(Entries taken from a collection)
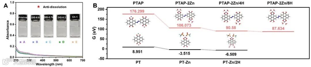 图3. (A) PTAP电极浸泡在Zn(OTf)2电解液中一个月后的紫外可见光谱,附图为相应的光学照片。(B) PTAP和PT电极在Zn(OTf)2电解液中的溶剂化自由能。
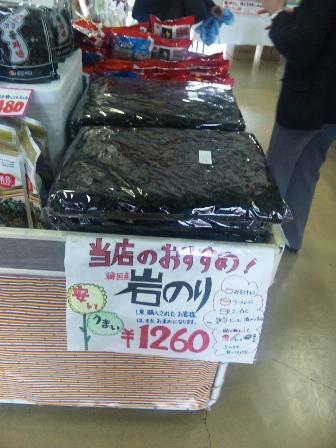昨日の日曜日、戸沢村中央公民館まで行きました。妻の業務のためなのですがドライバーとして指名されたもの。途中で道の駅「高麗館」に立ち寄りました。店に入るとすぐに「当店のおすすめ」と書かれた岩のりがありました。大きさはまるで座布団。値段が1,260円というのにもビックリ。さっそく一枚購入。その日の夜、味噌汁に入れて食べたのですが味はなかなかいい。「高麗館」のおすすめ品です。
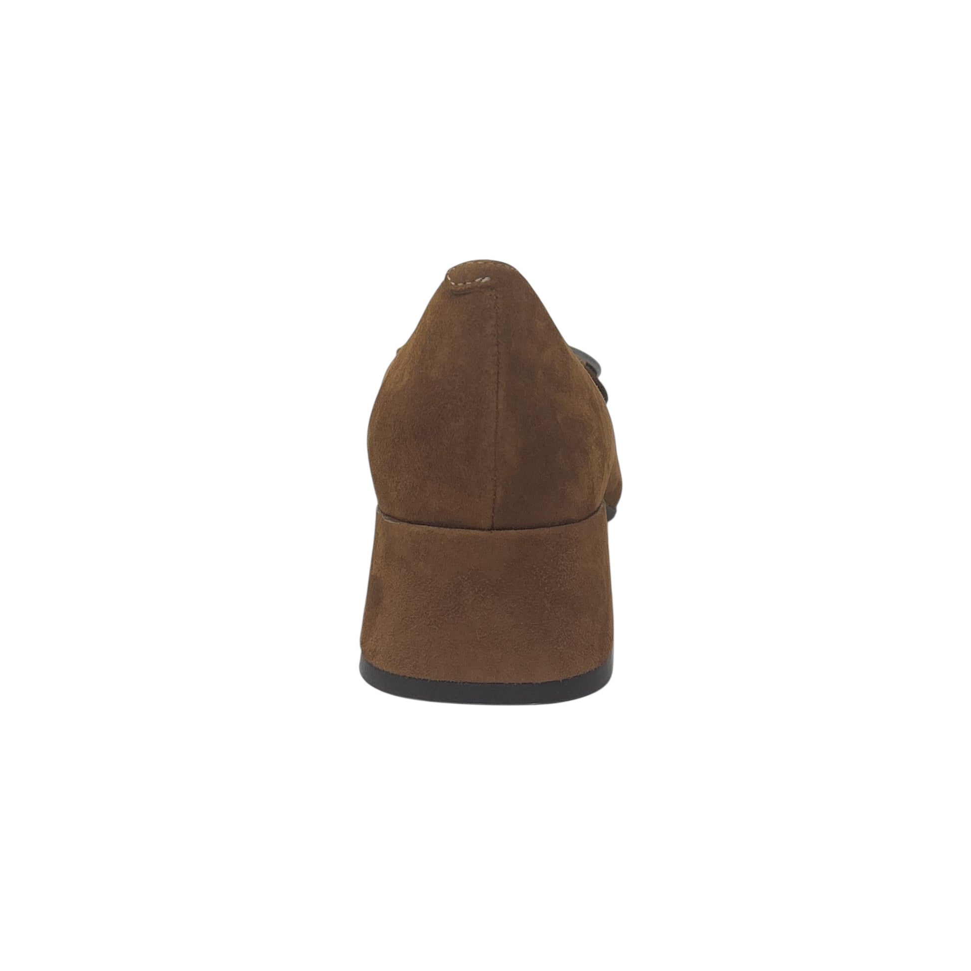 A buckle graces the apron toe of this rich suede loafer lofted on a chunky block heel with a rubber sole.
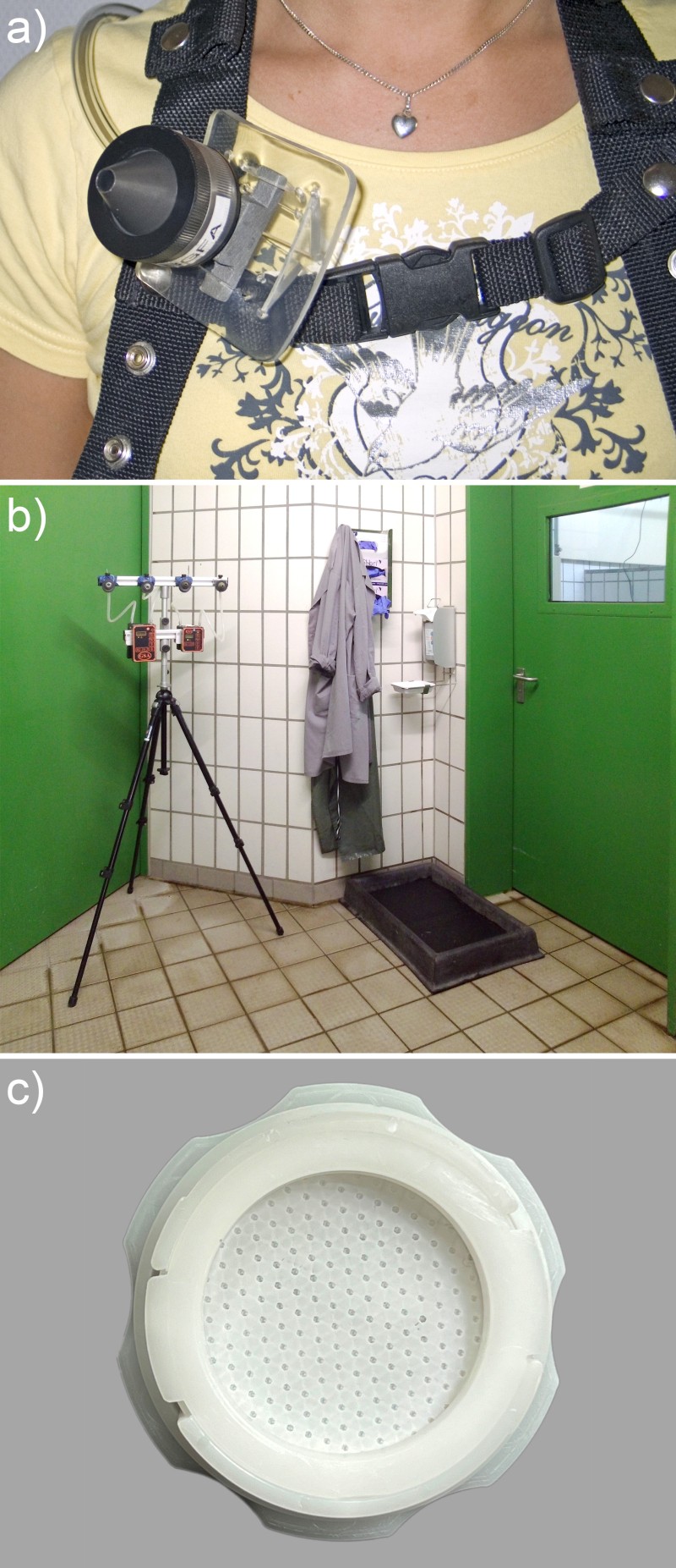 Abb. 1 Gesamtstaubprobenahme (GSP)-System: a) personengetragen, b) stationär, c) Teflon-Filter
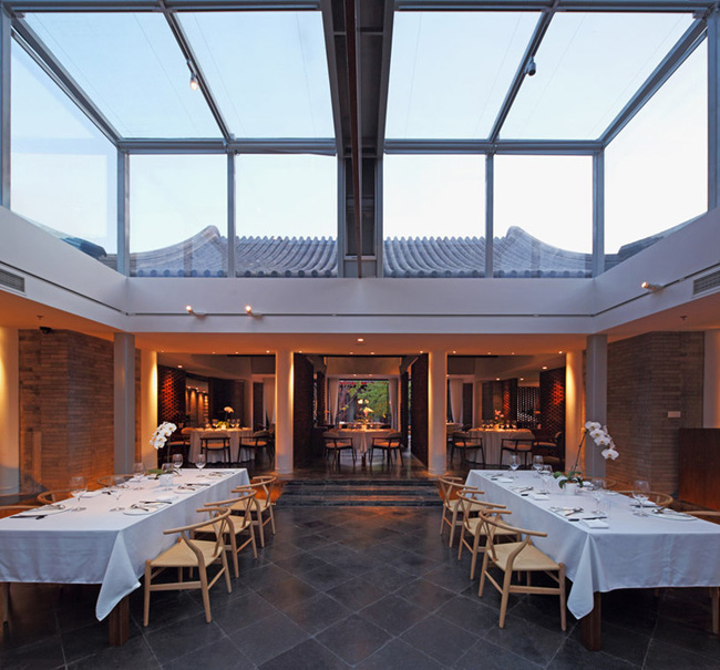 中国建筑事务所非常建筑最近完成了北京“京兆尹”餐厅设计,这是一座四合院里的素食餐厅。为了突出愉悦宜人的就餐环境,建筑师张永和延续了他对四合院空间的研究。两个庭院作为餐厅的核心焦点空间,其中一个保持原貌,作为室外空间;另一个添加了玻璃屋顶,成为就餐区。悬挂的八面体屏风创造亲密飘淼的空间氛围。
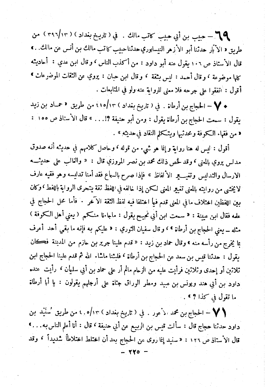 70- الحجاج بن أرطاة . في ( تاريخ بغداد ) 13 / 415 من طريق (( حماد بن زيد يقول : سمعت الحجاج بن أرطاة يقول : من أبو حنيفة ؟! .... )) قال الأستاذ ص155 : (( من فقهاء الكوفة ومحدثيها ويتكلم النقاد في حديثه )) .
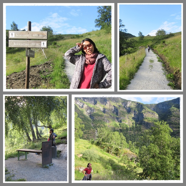 Jalurnya sangat mudah dan jelas, ga bakal nyasar. Kami tidak bertemu siapa2 di jalur pendakian kami. Asik juga, apalagi kami menikmati keindahan pagi yang luar biasa. Di beberapa titik sudah disediakan kursi tempat untuk bersantai menikmati pemandangan kota Flam di bawah dan Fjord di kejauhan. Betul2 kami merasa kecil di tengah gunung2 yang ada di Flam ini.

Instructions to follow: Leave out the pictures and print each record exactly as it stands.

Answer to the exercise:
 图3. (A) PTAP电极浸泡在Zn(OTf)2电解液中一个月后的紫外可见光谱,附图为相应的光学照片。(B) PTAP和PT电极在Zn(OTf)2电解液中的溶剂化自由能。
昨日の日曜日、戸沢村中央公民館まで行きました。妻の業務のためなのですがドライバーとして指名されたもの。途中で道の駅「高麗館」に立ち寄りました。店に入るとすぐに「当店のおすすめ」と書かれた岩のりがありました。大きさはまるで座布団。値段が1,260円というのにもビックリ。さっそく一枚購入。その日の夜、味噌汁に入れて食べたのですが味はなかなかいい。「高麗館」のおすすめ品です。
 A buckle graces the apron toe of this rich suede loafer lofted on a chunky block heel with a rubber sole.
 Abb. 1 Gesamtstaubprobenahme (GSP)-System: a) personengetragen, b) stationär, c) Teflon-Filter
 中国建筑事务所非常建筑最近完成了北京“京兆尹”餐厅设计,这是一座四合院里的素食餐厅。为了突出愉悦宜人的就餐环境,建筑师张永和延续了他对四合院空间的研究。两个庭院作为餐厅的核心焦点空间,其中一个保持原貌,作为室外空间;另一个添加了玻璃屋顶,成为就餐区。悬挂的八面体屏风创造亲密飘淼的空间氛围。
 70- الحجاج بن أرطاة . في ( تاريخ بغداد ) 13 / 415 من طريق (( حماد بن زيد يقول : سمعت الحجاج بن أرطاة يقول : من أبو حنيفة ؟! .... )) قال الأستاذ ص155 : (( من فقهاء الكوفة ومحدثيها ويتكلم النقاد في حديثه )) .
 Jalurnya sangat mudah dan jelas, ga bakal nyasar. Kami tidak bertemu siapa2 di jalur pendakian kami. Asik juga, apalagi kami menikmati keindahan pagi yang luar biasa. Di beberapa titik sudah disediakan kursi tempat untuk bersantai menikmati pemandangan kota Flam di bawah dan Fjord di kejauhan. Betul2 kami merasa kecil di tengah gunung2 yang ada di Flam ini.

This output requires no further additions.